In dem Moment, wenn die Entwicklung stehen bleibt, wenn nichts mehr weitergeht, könnten zwei Bedrohungs-Szenarien Wirklichkeit werden: Die Hamas verweigert ihre Entwaffnung, bleibt damit ein Machtfaktor und Israel verweigert einen weiteren Rückzug Richtung Grenze. “Das ist die große Gefahr, die ich sehe: nicht ein klares Scheitern des Trump-Plans in Gaza, sondern dass er einfach stecken bleibt.”
Für den langfristigen Prozess, eine Zivilverwaltung herzustellen und die öffentliche Ordnung abzusichern, würde sich Wasinger ein Mandat des UN-Sicherheitsrates wünschen. Dann wäre eine robuste Mission dort möglich. Doch ein solcher Beschluss zeichnet sich nicht ab. Umso wichtiger, dass schnell Kräfte für den Übergang ins Gebiet kommen.
Die Entwaffnung der Terroristen wird dann noch kompliziert genug - zumal niemand weiß, wie viele Maschinengewehre oder aus Leitungsrohren und Dachrinnen zurechtgezimmerte Raketen noch irgendwo versteckt sind.
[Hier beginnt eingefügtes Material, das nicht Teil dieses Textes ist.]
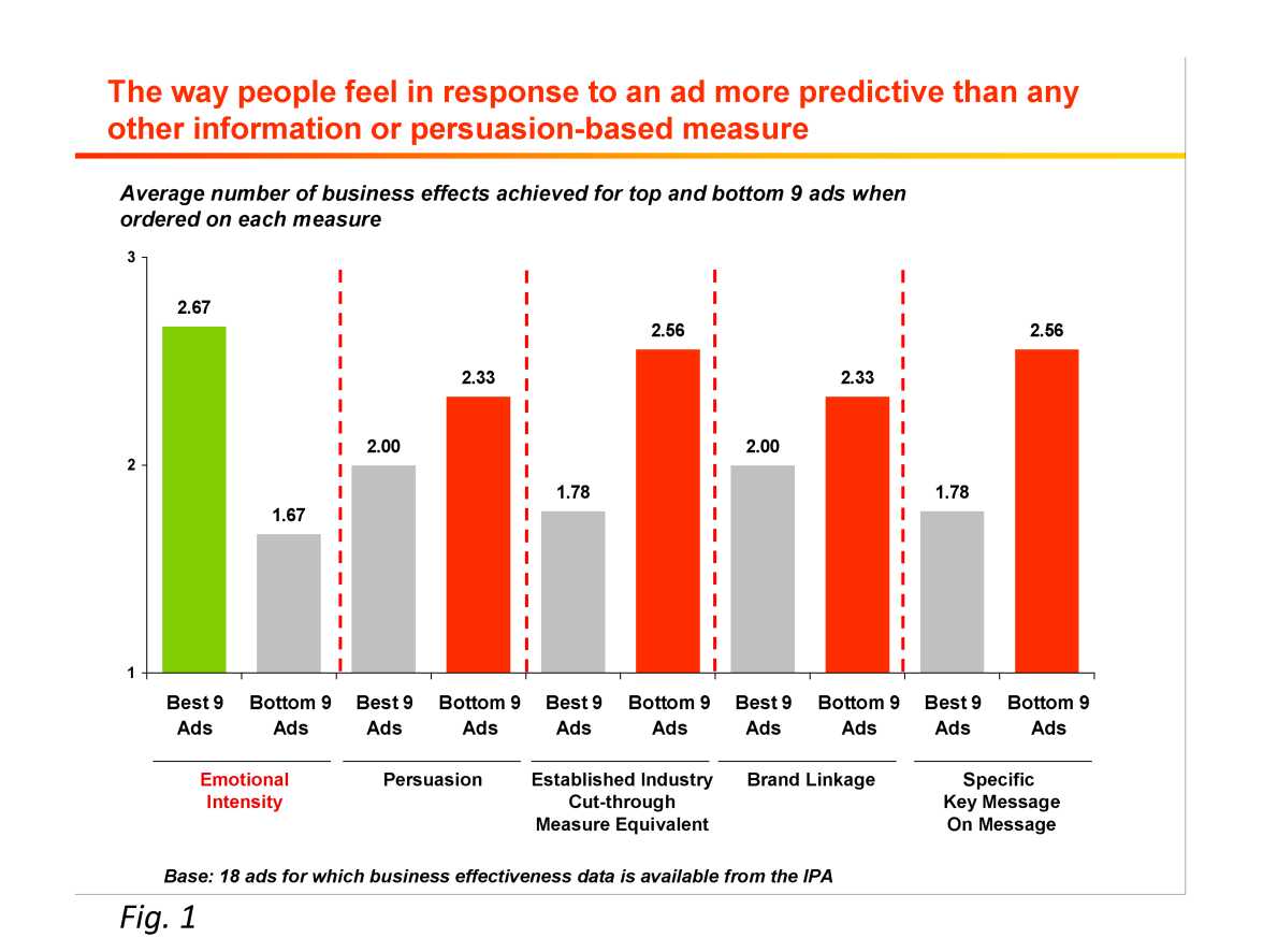 Если обратиться к статье моего оппонента и тем материалам, на которые г-жа Куликова ссылается - в данных IPA 2009 post test of 18 TV ads, действительно, речь идет о 18 рекламных роликах. Но это не вся база, а только по 9 лучших (best) и худших (bottom) роликов. Такого рода выделение «краев выборки» - обычный прием работы с ней, причем, «длина обрезки» выбирается произвольно: 9, 5, 3, общепринятой практики нет. Говорить о количественных исследованиях на базе 18 роликов даже не приходится.

Den Grad ihres Erfolges im Kampf gegen die Terroristen maßen die IDF in der Vergangenheit weniger an der Zahl ausgehobener Waffenlager. Stattdessen analysierten sie, wozu die Hamas sich noch fähig zeigte. “Wie geschlossen, koordiniert und zeitlich synchronisiert fanden die Angriffe der Terroristen noch statt? Die IDF haben die Effekte im Raum gemessen und festgestellt, dass die Fähigkeiten immer weiter zurückgingen.”
Letztlich wird es nicht möglich sein, die Hamas über eine Waffenabgabe zu entmachten. Dazu müssen vor allem die Zivilisten im Gazastreifen überzeugt werden, dass die Zukunft ohne das Terrorregime besser aussähe. Auch da scheint sich ein historisches Fenster aufzutun, denn große Teile der Bevölkerung sehen die Hamas durchaus kritisch. “Einem jeden ist eigentlich klar, dass die Hamas Zerstörung und Vernichtung gebracht hat.” Um hier eine Perspektive zu bieten, wird viel Hilfe nötig sein - Unterkünfte, medizinische Versorgung, Trinkwasser, Elektrizität, Lebensmittel. Die Bedeutung der humanitären Hilfe ist nicht zu unterschätzen.
“Wenn der Lebensstandard über die Qualität eines Flüchtlingslagers hinausgeht, sehe ich Potenzial, dass man erkennt: Das ist und wird besser als das, was die Hamas uns bieten kann.” Über das Tempo, mit dem sich die Lage verbessern kann, sollte man sich aber keine Illusionen machen: “Wir sprechen hier über einen Zeithorizont von zwanzig bis dreißig Jahren.”